VAR stands for vector auto regression. The benefit of using a VAR model compared to what we have learned so far is that one can look at how variables affect each other, instead of just a unidirectional relationship. A VAR model fits two linear regressions (or ARIMAs) in an autoregressive fashion and use one variable to forecast the other, and vis versa.

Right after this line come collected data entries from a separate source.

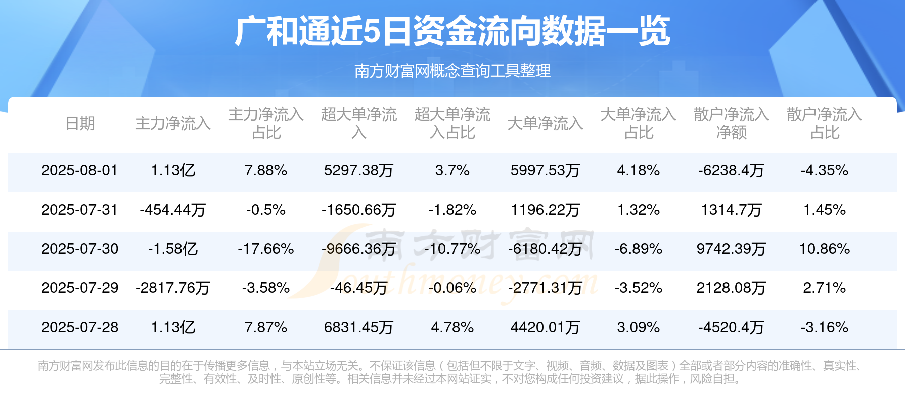 近5日资金流向一览见下表: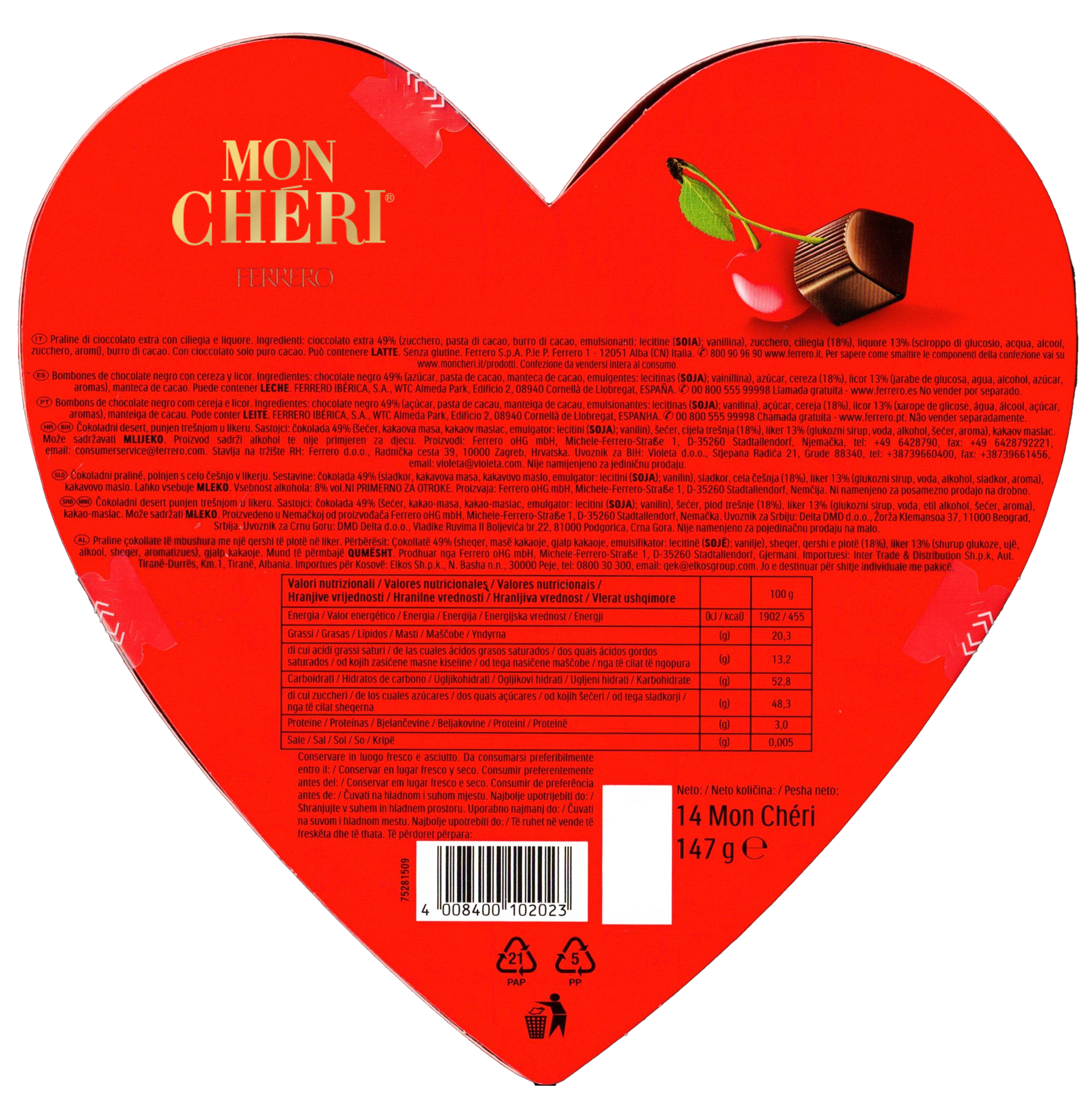 La scatola contiene 14 Mon Cheri. Il gusto ti stupisce ad ogni assaggio. La croccantezza del cioccolato fondente, l’intensità del liquore e la dolcezza della ciliegia: tre ingredienti autentici, per un’armonia di piacere unico.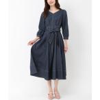 シャツワンピース サイドレースアップヘムフレアシャツワンピース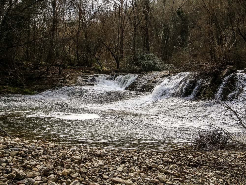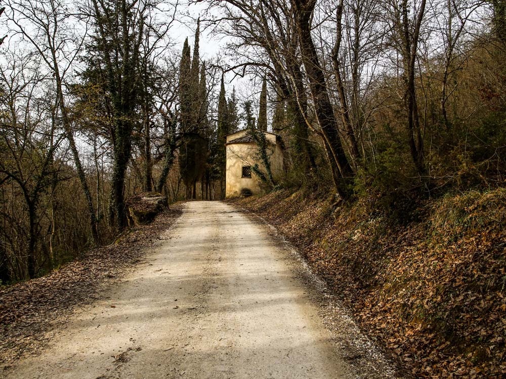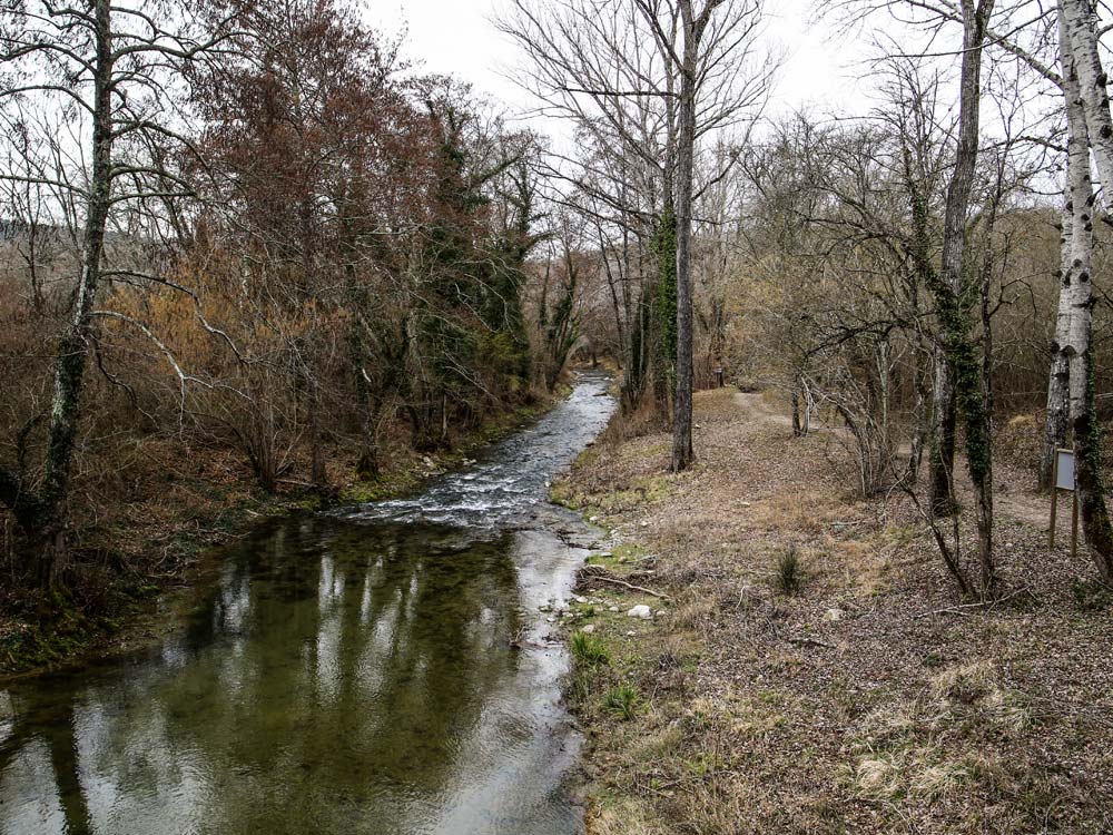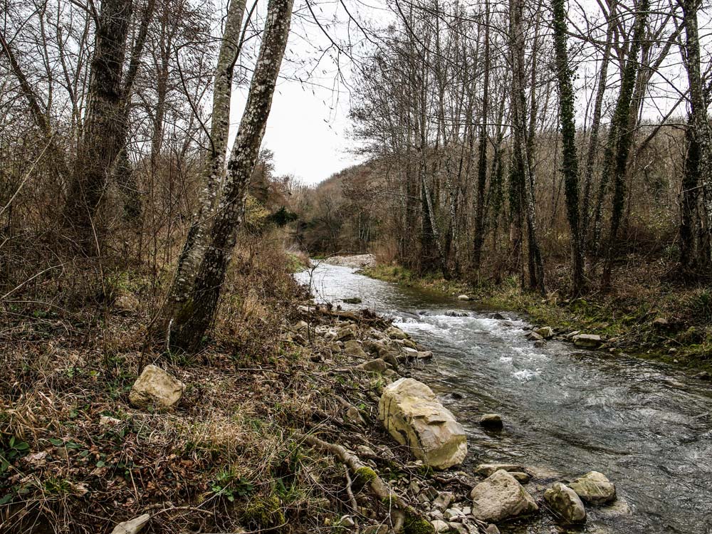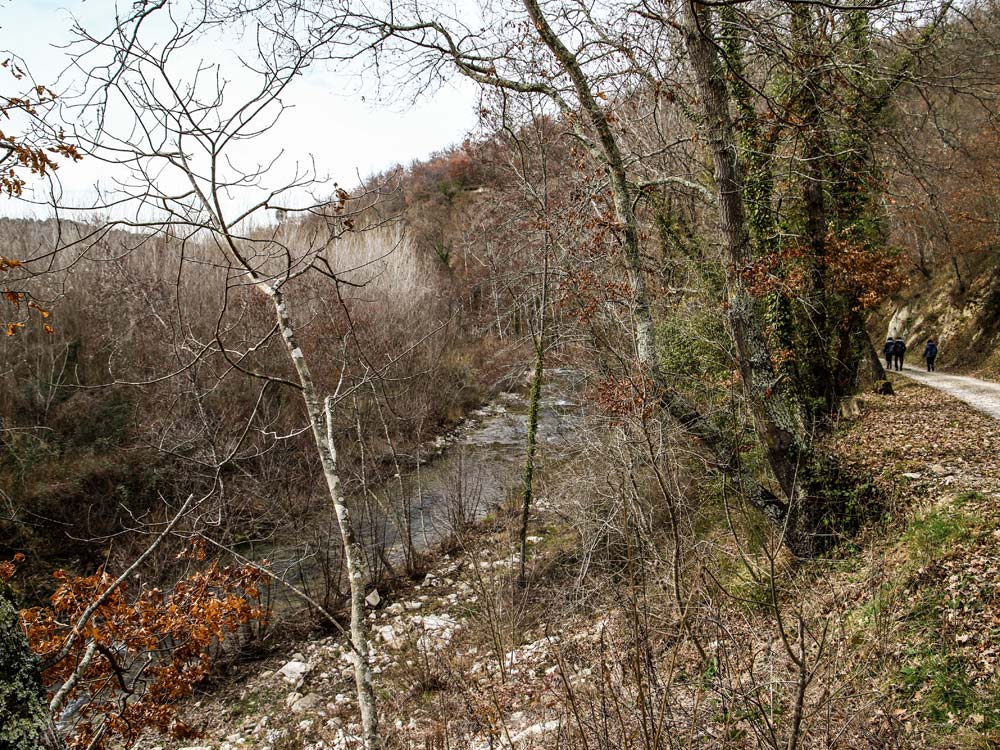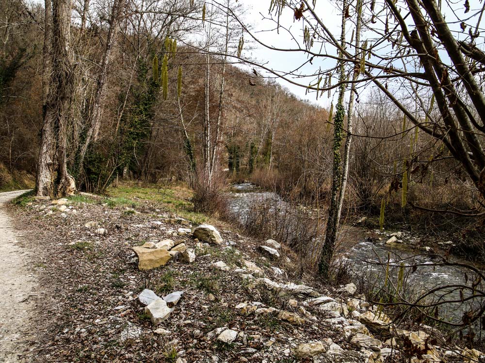 Il percorso si svolge sulla strada che costeggia il fiume seguendolo lungamente tra boschetti e radure fino nei pressi del vecchio mulino di Patrazzo ora trasformato in abitazione.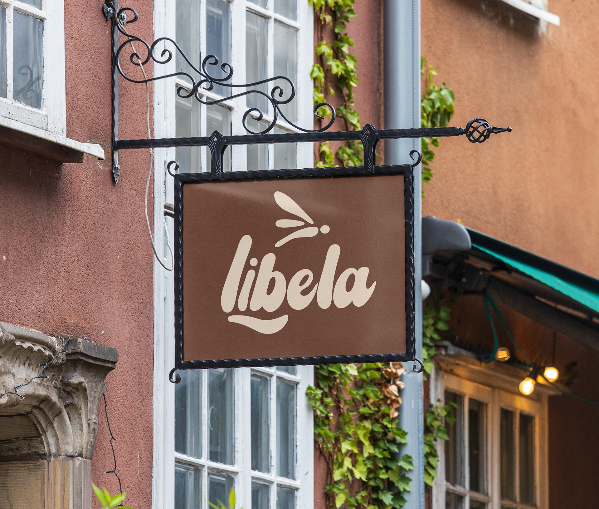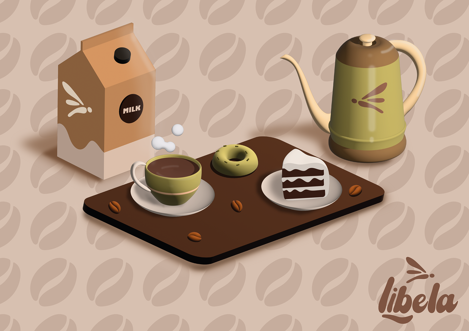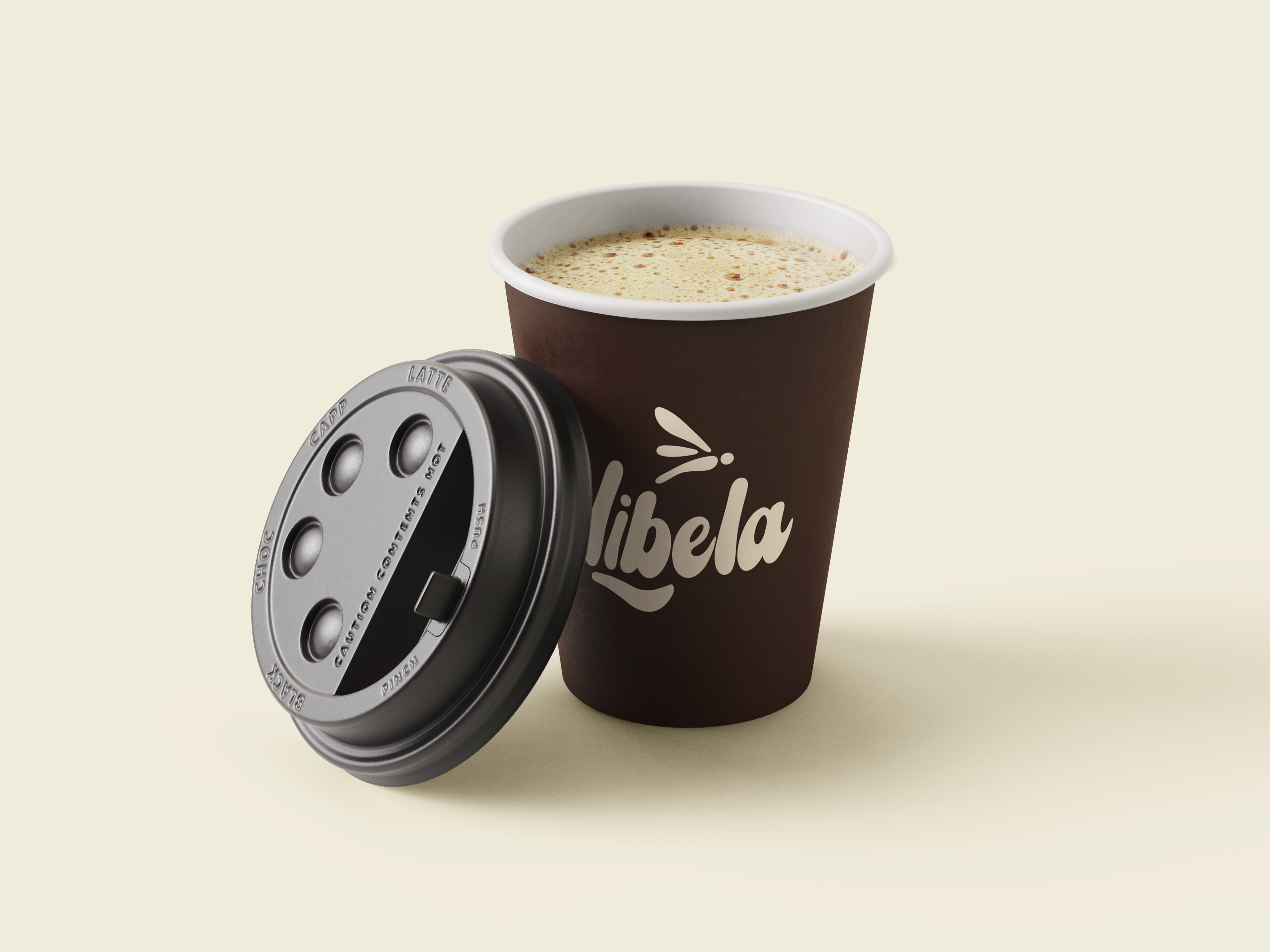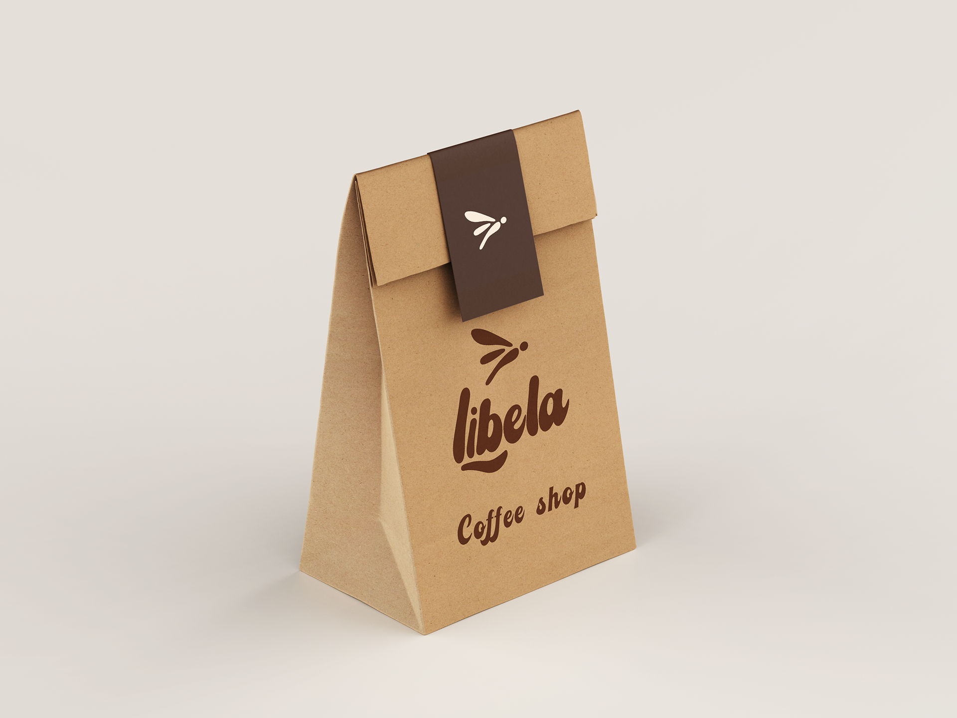 Création d'une marque fictive de café. Couleurs chaudes pour rappeler le grain de café, le symbole de la libellule pour l'élégance et la finesse du café.

I will be comparing the stock prices of Nike (NKE) and United Natural Foods Inc. (UNFI) to see if there might be some sort of relationship to athletic wear sales and health food sales.
library(forecast)
## Registered S3 method overwritten by 'quantmod':
## method from
## as.zoo.data.frame zoo
library(fpp2)
## Loading required package: ggplot2
## Loading required package: fma
## Loading required package: expsmooth
library(vars)
## Loading required package: MASS
##
## Attaching package: 'MASS'
## The following objects are masked from 'package:fma':
##
## cement, housing, petrol
## Loading required package: strucchange
## Loading required package: zoo
##
## Attaching package: 'zoo'
## The following objects are masked from 'package:base':
##
## as.Date, as.Date.numeric
## Loading required package: sandwich
## Loading required package: urca
## Loading required package: lmtest
data <- read.csv("C:/Users/andre/Documents/Boston College/2. Summer 2020/Forecasting/week 6/week6.csv")
data.ts <- ts(data[2:3], start = c(2015,9), frequency = 12)
autoplot(data.ts)
VARselect(data.ts)
## $selection
## AIC(n) HQ(n) SC(n) FPE(n)
## 1 1 1 1
##
## $criteria
## 1 2 3 4 5 6
## AIC(n) 5.709257 5.844912 5.968709 6.095825 5.961497 5.900285
## HQ(n) 5.796105 5.989659 6.171354 6.356369 6.279940 6.276626
## SC(n) 5.936530 6.223701 6.499014 6.777646 6.794834 6.885137
## FPE(n) 301.728828 345.909017 392.366258 447.328204 393.571265 373.631711
## 7 8 9 10
## AIC(n) 5.874339 5.975119 6.027019 6.010317
## HQ(n) 6.308578 6.467258 6.577056 6.618252
## SC(n) 7.010707 7.263003 7.466419 7.601232
## FPE(n) 368.757631 414.917738 446.903180 452.231997
By looking at the plot of these two stocks, it would seem to be that there is some sort of inverse relationship between the two stocks starting right around 2018. Since all of the criteria agrees on a lag of one, that is the VAR model that I will run (didn’t even mean to have that rhyme).
var2 <- VAR(data.ts, p = 1, type = c("both"))
plot(var2)
fc_var2 <- forecast(var2, h = 12)
autoplot(fc_var2)
Now I want to see how well these two companies predict each other’s stick prices by looking at their error metrics
acc_UNFI <- accuracy(fc_var2$forecast$UNFI)
acc_NKE <- accuracy(fc_var2$forecast$NKE)
acc_UNFI
## ME RMSE MAE MPE MAPE MASE
## Training set 1.473069e-17 3.841569 2.936223 -3.112916 12.85338 0.2481372
## ACF1
## Training set 0.01411832
acc_NKE
## ME RMSE MAE MPE MAPE MASE
## Training set -8.289236e-16 4.07869 3.161761 -0.3503399 4.485871 0.2646998
## ACF1
## Training set -0.01472569
From my understanding, the accuracy of UNFI would be with NKE as the predictor and the accuracy of NKE would be with UNFI as a predictor. With that definition, NKE does a better job of forecasting UNFI than UNFI does of NKE. One reason that I could think to explain this by is if people are making decisions about living a healthier lifestyle, then they first turn to exercise before diet, but diet would follow.